**THE DATA**

□ □ □ □ □

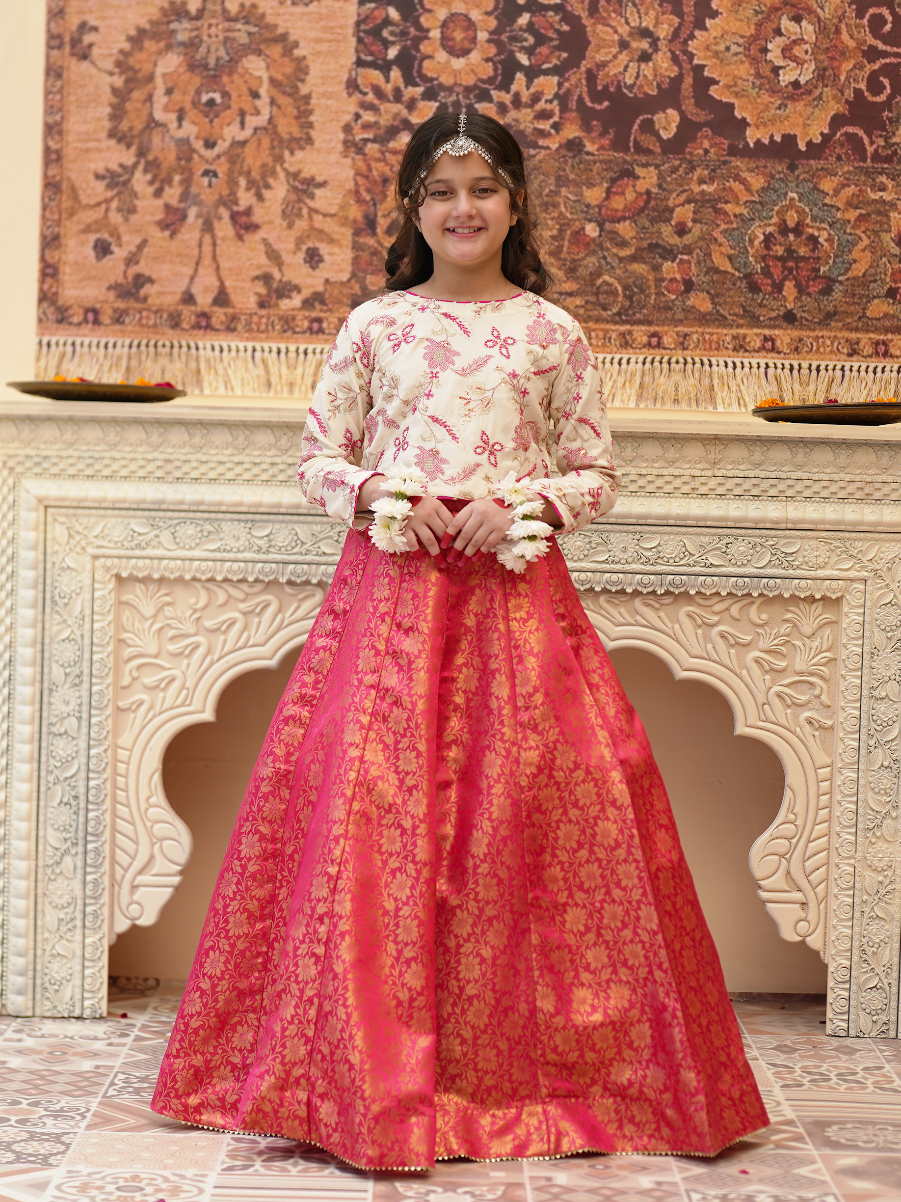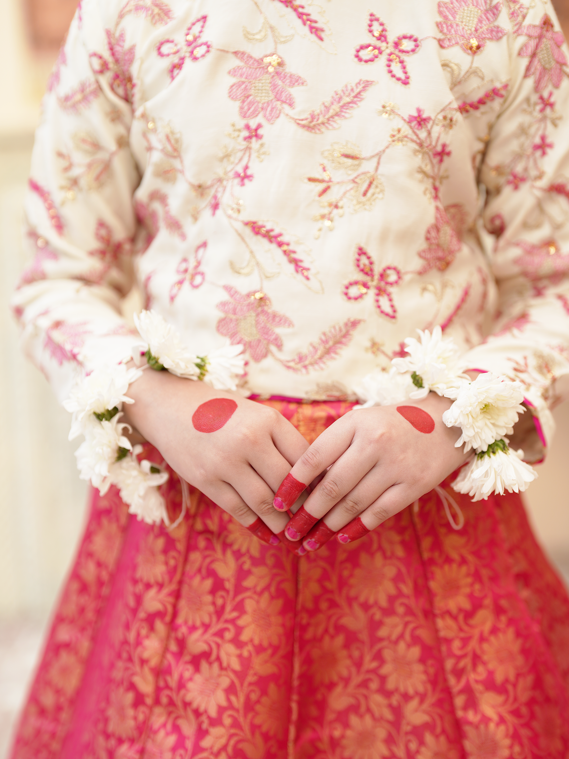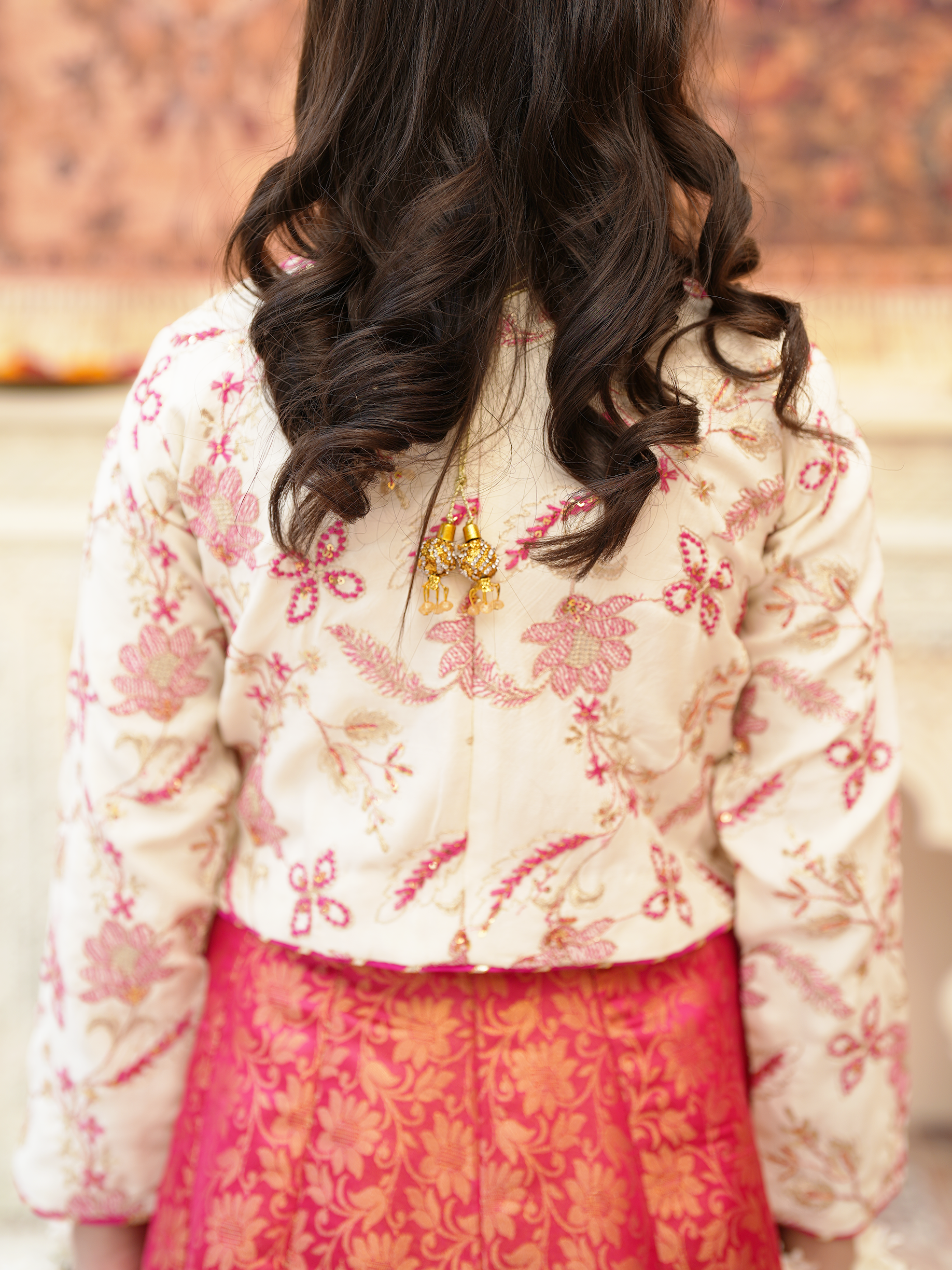 - Soft raw silk embroidered choli finished with pink gotta lace and back tassels. Paired with a banarsi lehnga featuring high-volume cancan for a fuller look. Comes with a sitara net dupatta to complete the outfit.
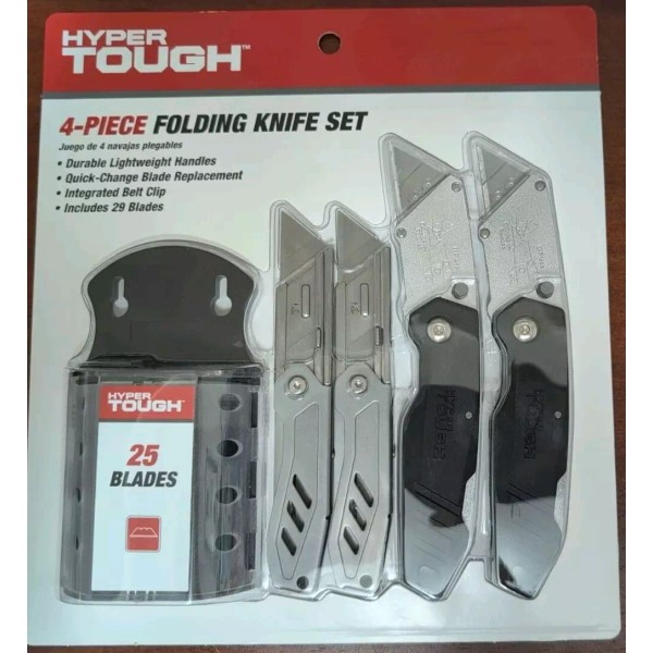 Hyper Tough 4-Piece Folding Utility Knife Set +25 Blades Brand New & Free Ship
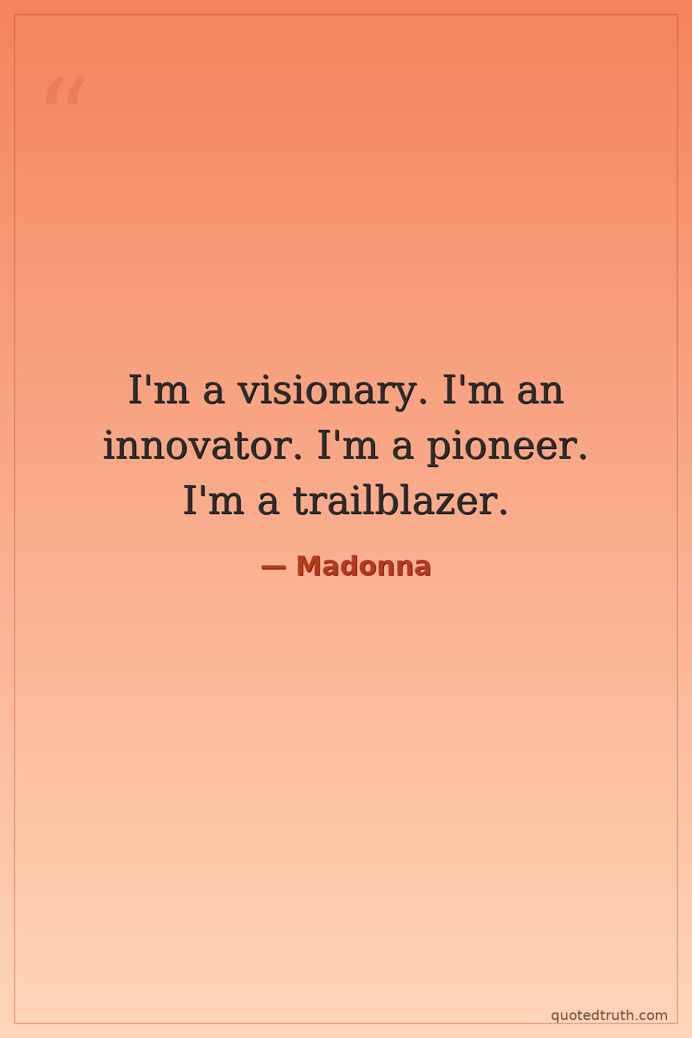 I'm a visionary. I'm an innovator. I'm a pioneer. I'm a trailblazer.

□ □ □ □ □

**WHAT THE TASK ASKS**
Once more, please print the whole listing exactly, omitting each image.

**WRITTEN ANSWER**
 - Soft raw silk embroidered choli finished with pink gotta lace and back tassels. Paired with a banarsi lehnga featuring high-volume cancan for a fuller look. Comes with a sitara net dupatta to complete the outfit.
 Hyper Tough 4-Piece Folding Utility Knife Set +25 Blades Brand New & Free Ship
 I'm a visionary. I'm an innovator. I'm a pioneer. I'm a trailblazer.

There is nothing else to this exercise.